Tra i disturbi psichici credo si debba annoverare anche l’anaffettività giovanile, l’apatia, il nichilismo, che Umberto Galimberti aveva definito già nel 2008 “L’ospite inquietante”.
Temo che la facilitazione totale offerta dall’intelligenza artificiale possa acuire il fenomeno nichilistico tra i giovani, perchè contribuisce alla mancanza di stimoli, di curiosità, di impegno, di sacrificio, di rinuncia e di scoperta.
Tutto è già disponibile: dalle immagini alle informazioni, dagli oggetti alle persone.
Tutto è a portata di mano e non occorre sudare per guadagnarsi alcunchè.
E non c’è gioia in ciò che non si può conquistare, non c’è soddisfazione in quello che non ha ostacoli, che già noi adulti abbiamo molto spesso reso facile e asettico.

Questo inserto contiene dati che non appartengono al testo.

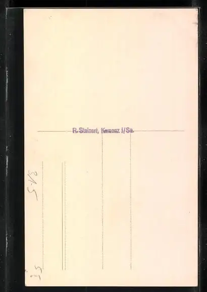 Personenbezogene Daten auf der Rückseite der Karte wurden durch blauen Textmarker unkenntlich gemacht. Die blauen Stellen sind auf die Vorderseite durchgeweicht und wirken sich negativ auf das Postkartenfoto aus
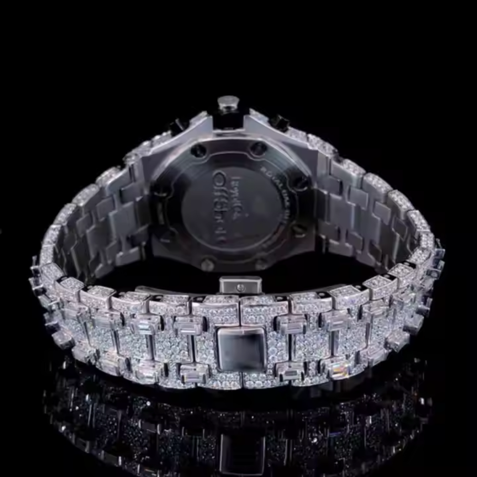นาฬิกาข้อมือสำหรับผู้ชายประดับเพชรโมอิสสีพิเศษงานทำมือปรับแต่งได้ตามต้องการ
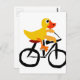 Funny Yellow Duck Riding Bicycle Postkarte
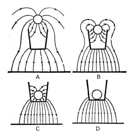 Drawing of the electric field lines as the charged ball is lowered into the container (A,B). When the charge is far enough inside (C), all the electric field lines terminate on the inside of the container, inducing an equal charge there. When the ball is touched to the inside of the container (D), all the charge moves to the pail.
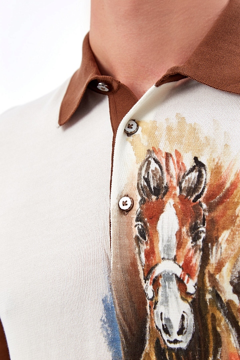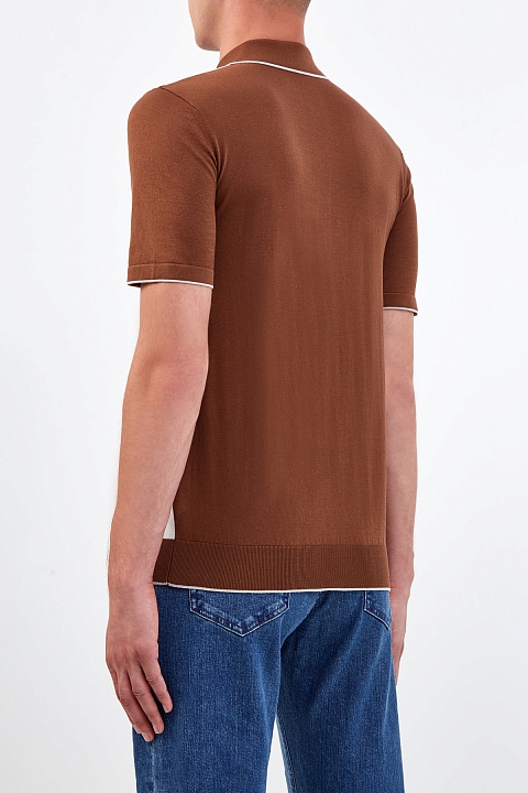 Мужской джемпер-поло от Bertolo Cashmere создан из хлопковой пряжи в богатом оттенке виски. Особенностью модели стал культовый акварельный принт, который подчеркивает фирменную эстетику бренда. Изделие традиционного кроя с классическим отложным воротником и застежкой на граненые пуговицы из перламутра. Кромки дополнены окантовкой в рубчик для посадки по фигуре. Сделано в Италии.
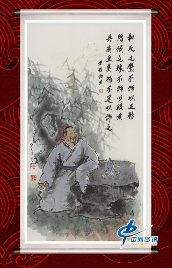 18、和氏之璧,不饰以五彩;隋侯之珠,不饰以银黄。其质至美,物不足以饰之。(画作上书法由黄信阳题写)
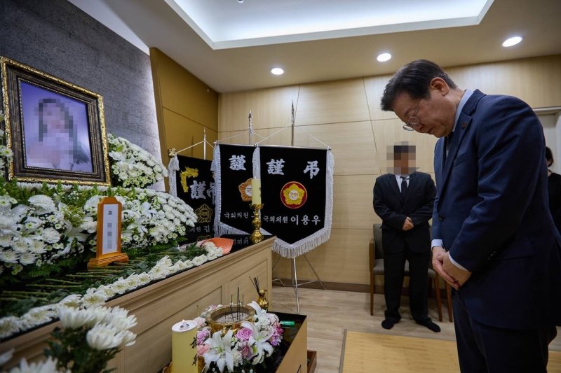 이번 조문은 지난 12일 테러 위협 관련 제보가 들어온 이후 외부 활동을 자제해 온 이 대표의 첫 외부 공개 행보이다.
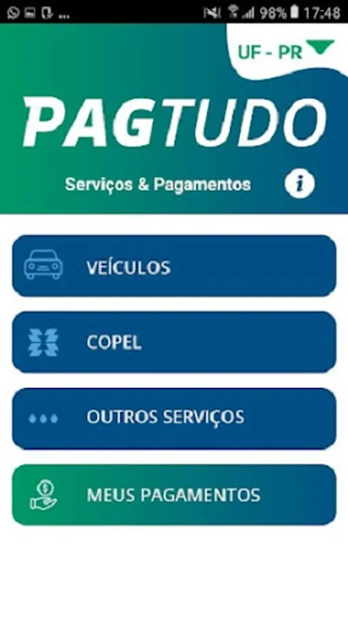 At Pag Tudo, you have at your disposal the fastest, most efficient, safest and most accessible way to pay fees, bills, contributions and tariffs from bodies, autarchies and concessionaires of public services. All of this available on your smartphone, or at the self-service totems spread throughout Paraná.
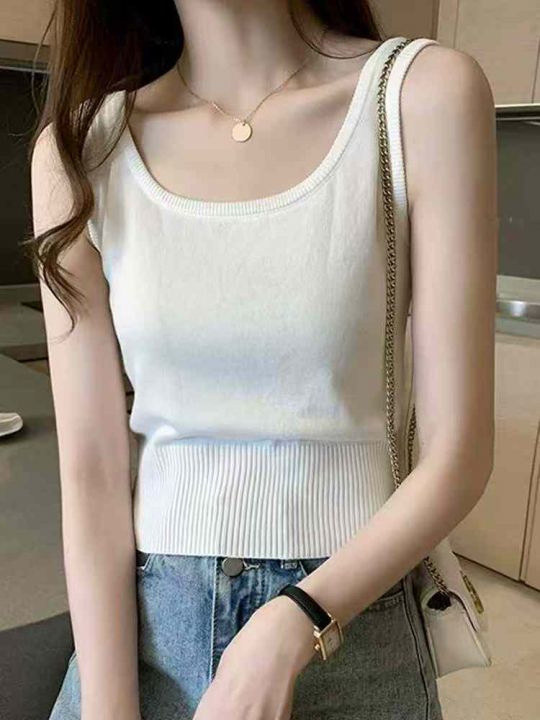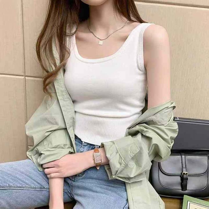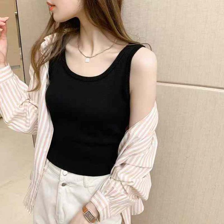夏秋季新款净版简约百搭宽松内搭针织吊带背心,独立包...
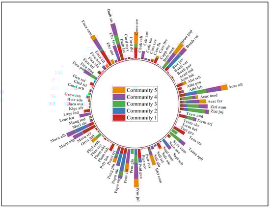 Radial stack bar plot showing the IV of woody species in different communities recorded from semi-arid lowland Kasur Punjab, Pakistan.

Un amico che ha già superato la sessantina mi ha recentemente raccontato, con una punta di orgoglio, che quando era giovanissimo aveva lavorato un’estate come manovale per racimolare i soldi necessari a comprarsi un paio di camperos senza chiedere i soldi ai genitori.
A ripensarci, nonostante siano trascorsi quasi cinquant’anni, provava ancora un senso di soddisfazione e di gioia.

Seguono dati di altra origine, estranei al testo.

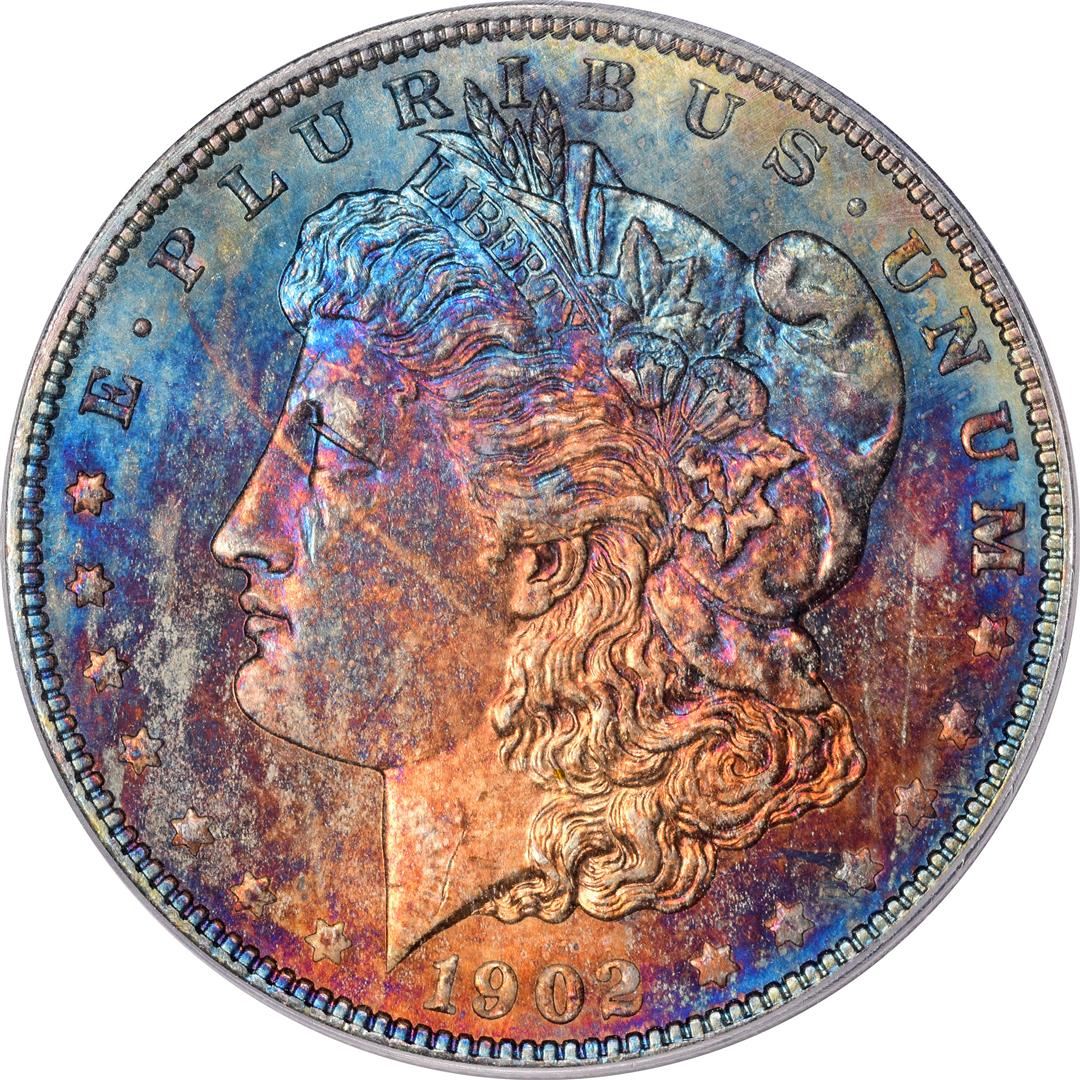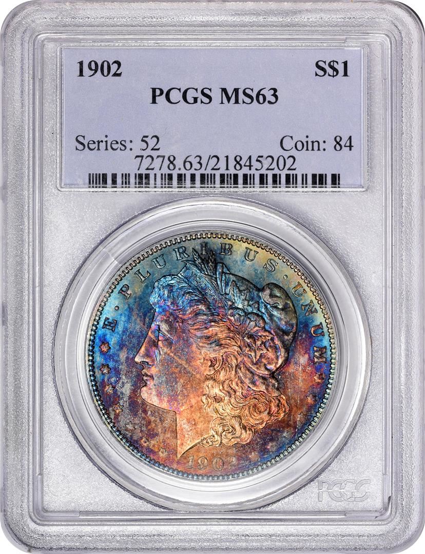 One 1902 $1 Morgan Silver Dollar Coin PCGS MS63 Amazing Toning. PCGS Graded.
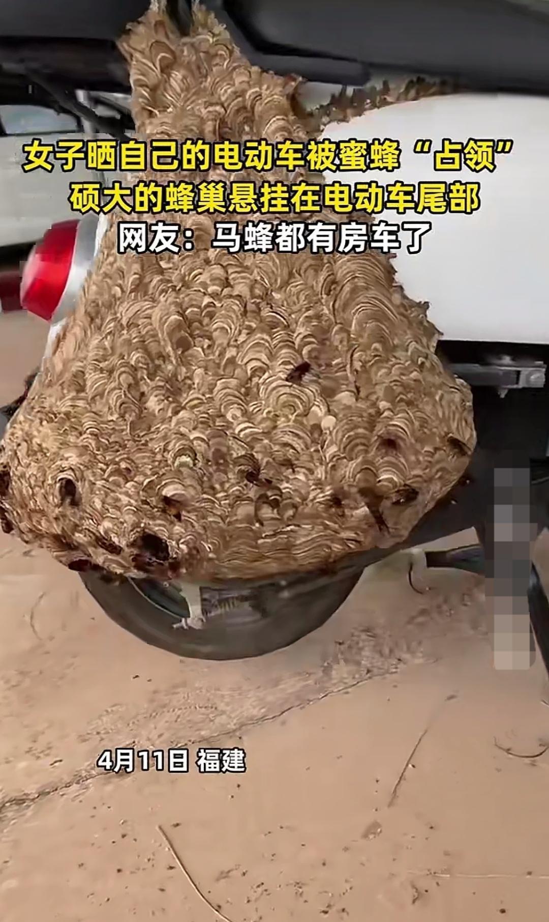 隔了一阵子没骑的电动车,竟被蜂群当成了家。瞧那后轮旁突出的几个大蜂巢,还有在洞眼间飞进飞出的马蜂,着实令人心生后怕。要是被它蜇到,那可就麻烦了!

Mi chiedo: il contatto con la realtà e il gusto di lavorare per ottenere un risultato sono forse due ingredienti utili per contrastare la sordità emotiva dilagante? Forse lo sono, forse si potrebbe provare.
Noi adulti possiamo ancora aiutarli, questi poveri ragazzi, a ritornare a provare la soddisfazione di una conquista difficile, a nutrire curiosità irrisolte senza un duro lavoro: emozioni meravigliose, che quelli della mia generazione hanno fatto in tempo a gustare.